Originally posted by: Red5
The active part of a PAL or NTSC scanline is 52 - 53 usec long and to fill that part with 704 alternating white-black pixels equals a period time of 148.148 nsec which is the same as a 6.75 Mhz signal.
You're right! I forgot to divide the number of pixels by two. Silly me. I'll edit out my misinformation.

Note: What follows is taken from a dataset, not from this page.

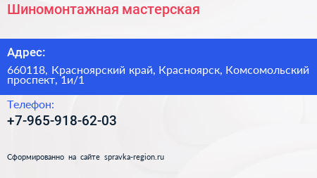 Шиномонтажная мастерская по адресу 660118, Красноярский край, Красноярск, Комсомольский проспект, 1и/1 в дальнейшем Организация, размещена в следующих категориях:

Originally posted by: Red5
I've measured the multiburst VITS (Vertical Interval Test Signal) on a few of my PAL LDs and at best the 5 Mhz burst was at -4 dB and quite noisy, so the 5.5 Mhz bandwidth of PAL LD is in practice more like just below 5.0 Mhz.
The active part of a PAL or NTSC scanline is 52 - 53 usec long and to fill that part with 704 alternating white-black pixels equals a period time of 148.148 nsec which is the same as a 6.75 Mhz signal.
You're right! I forgot to divide the number of pixels by two. Silly me. I'll edit out my misinformation.
Originally posted by: Red5
I've measured the multiburst VITS (Vertical Interval Test Signal) on a few of my PAL LDs and at best the 5 Mhz burst was at -4 dB and quite noisy, so the 5.5 Mhz bandwidth of PAL LD is in practice more like just below 5.0 Mhz.
Does that mean that Laserdiscs have test signals embedded in them (during blanking)?
Also, I'm still wondering about Moth3r's statement about DVD's 6.75 MHz translating into 540 lines. Shouldn't it be 720 lines?